Paul Kiel points out how vapid Attorney General nominee Michael Mukasey's eloquent but vague denunciation of torture really was in TPMmuckraker Is Waterboarding Torture? Mukasey: Yes, if It's Torture 10/18/07. David Luban at the Balkinization blog calls Mukasey's response on waterboarding A Severe Insult to the Brain... 10/19/07.

Brian Tamanaha in Hey America - Can You Explain This? Balkinization blog 10/19/07 describes a conversation he had with a European colleague about the spectacle of a nominee for the chief law-enforcement officer of the American government not being willing to say straightforwardly that "waterboarding" (simulated drowning) is torture:

Seeing the astonishment through the eyes of an outsider made me realize how far we have deteriorated in our moral sense about the impropriety of torture. For Mukasey to say that he first must study whether water boarding is "torture" is a disgrace.

My German colleague wanted to know how the Democrats and the American people could allow such a person to be confirmed.

Here was my response:

The Democrats are so cowed by the fear of appearing weak on fighting terrorism that they won't take a principled stand and insist that a person who cannot forthrightly state that water boarding is "torture" is neither legally nor morally qualified to be the Attorney General.
Torture is not an investigative technique. It's an instrument of state terror. The Los Angeles Times has an important article today on how torture has compromised the ability of the American justice system to deal with even the most heavily-implicated terrorist suspects: FBI working to bolster Al Qaeda cases by Josh Meyer 10/21/07.

I don't know how the Republican Party stops it's own descent into more and more radical approaches to government and rejection of democracy and the rule of law. But the public and Congress have to find a way to stop the torture policy because that's a red line for the basic rule of law and the integrity of the justice system.

Wilhelm Reich had some good ideas along with some pretty strange ones

I also read some blog post within the last several days that had an intriguing, Wilhelm-Reichian theory going about rightwing politics and miserable sex lives, but darned if I can find it now. Wilhelm Reich was a psychoanalyst who was part of Freud's circle who gravitated to the German Communist Party in the early 1930s. He had some intriguing ideas about things that attract people to rightwing politics, most notably in his book The Mass Psychology of Fascism. The Communists disowned him, he had to flee Nazi Germany and he progressively went crazy, developed a bizarre theory about "orgone energy" permeating the world, and eventually ended up as a raving rightwinger who died in federal prison in the US on charges connected with quack medicine claims.

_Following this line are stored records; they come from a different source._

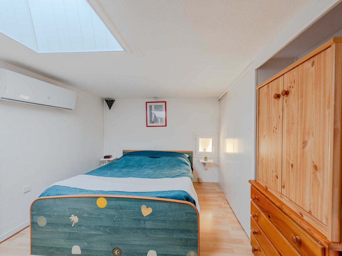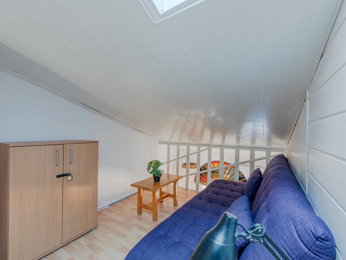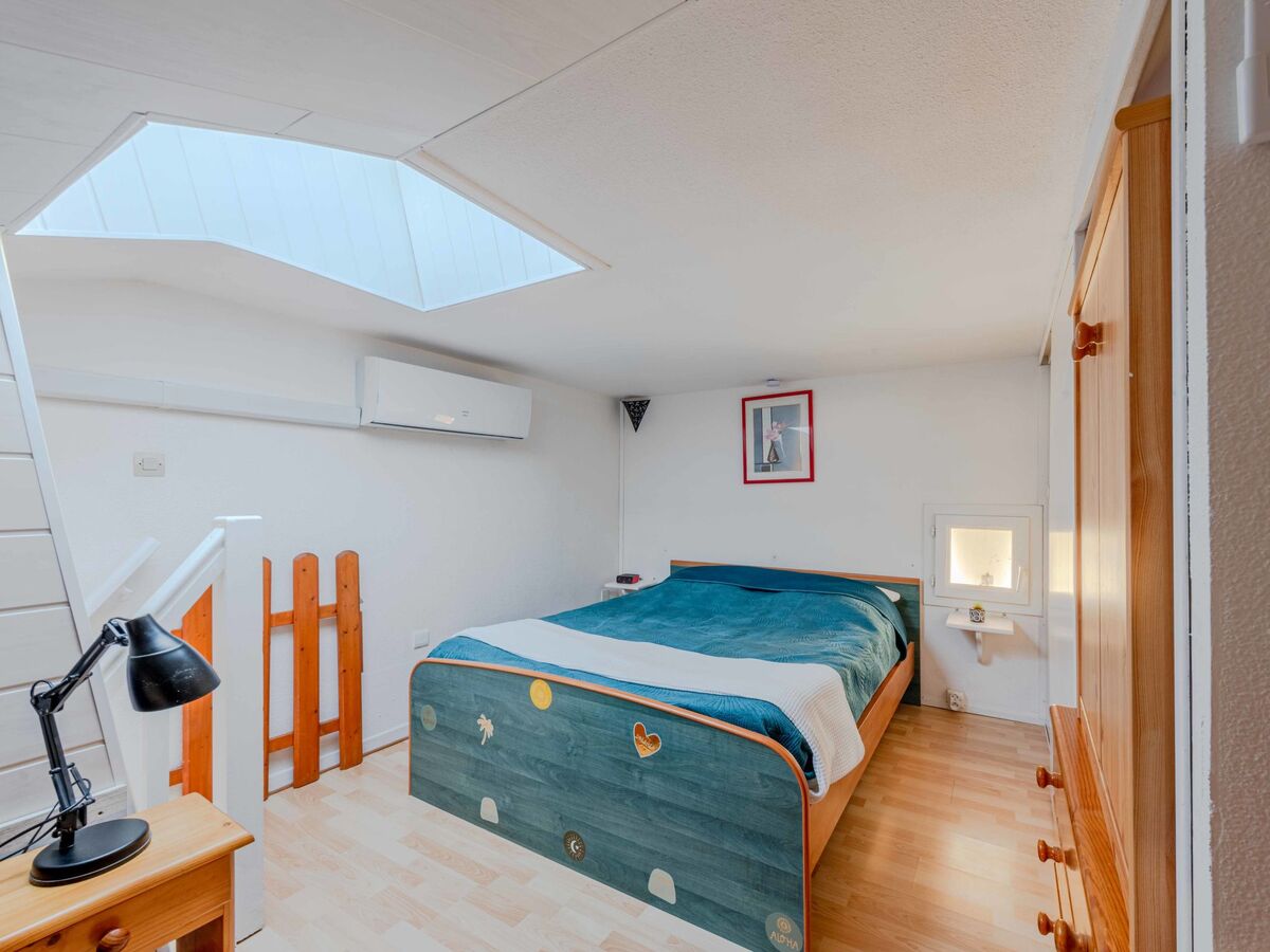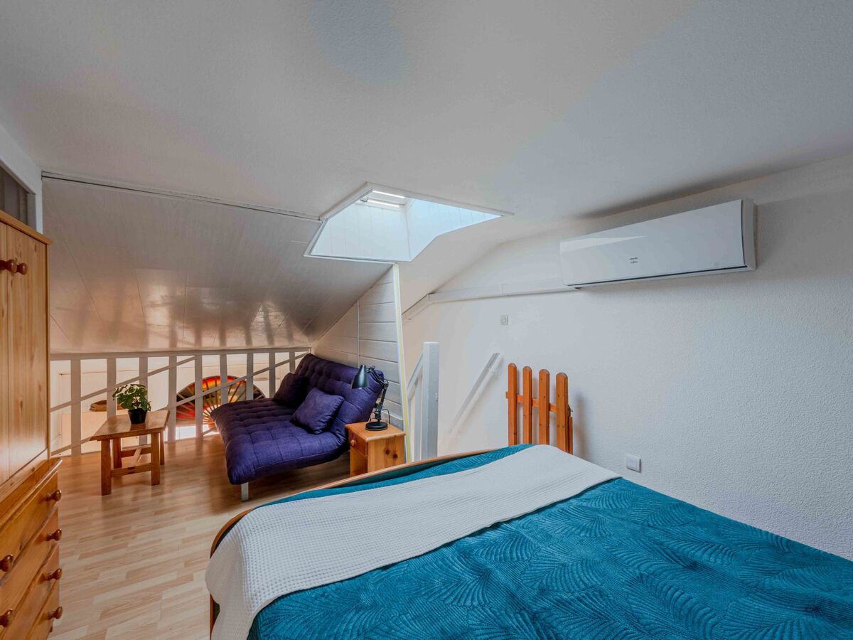 À l'étage supérieur: galerie ouverte avec 1 grand-lit (1 x 140 cm, longueur 190 cm), air-conditionné.
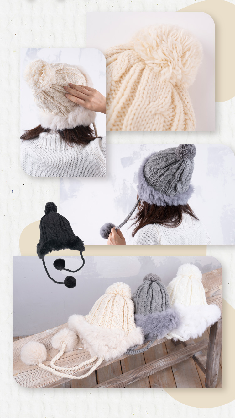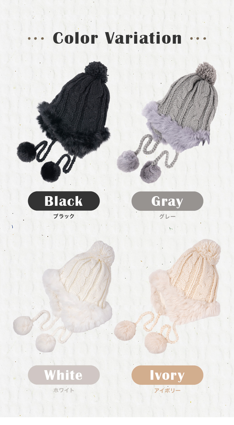淵部分のファーもかわいく耳も しっかりガードで冬も快適。 トップと紐の先には梵天付き。 紐の先の梵天はファーでかわいらしさアップ。 ファー部分はふわふわのラビットファー
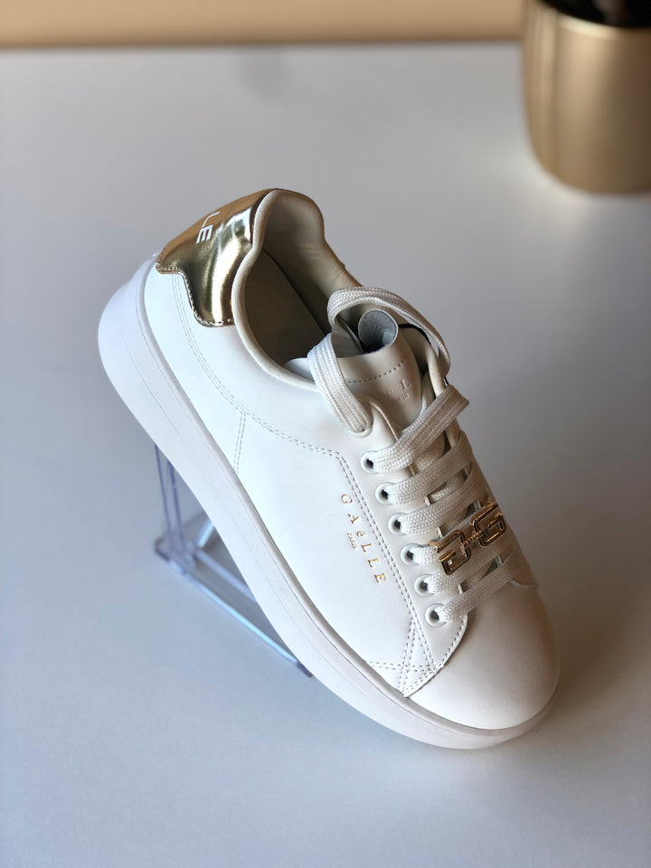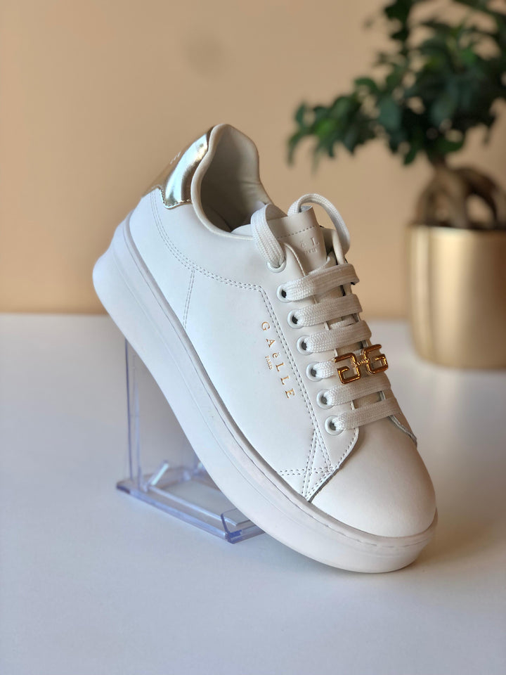 Sapatilhas Gaelle Paris mulher, tênis femininos com atacadores, atacadores com logotipo duplo para um estilo diferenciado, detalhes contrastantes que valorizam o design, logotipo visível, símbolo de autenticidade.

Not exactly a rousing endorsement of his ideas, I realize. Still, with more attention being paid these days to the psychology of authoritarian politics, some of Reich's observations could prove useful. He describes, for instance, how the swastika, which was an ancient fertility symbols used in various cultures, was transformed into a Nazi political symbol and how it fit into the Nazis' psychological appeal.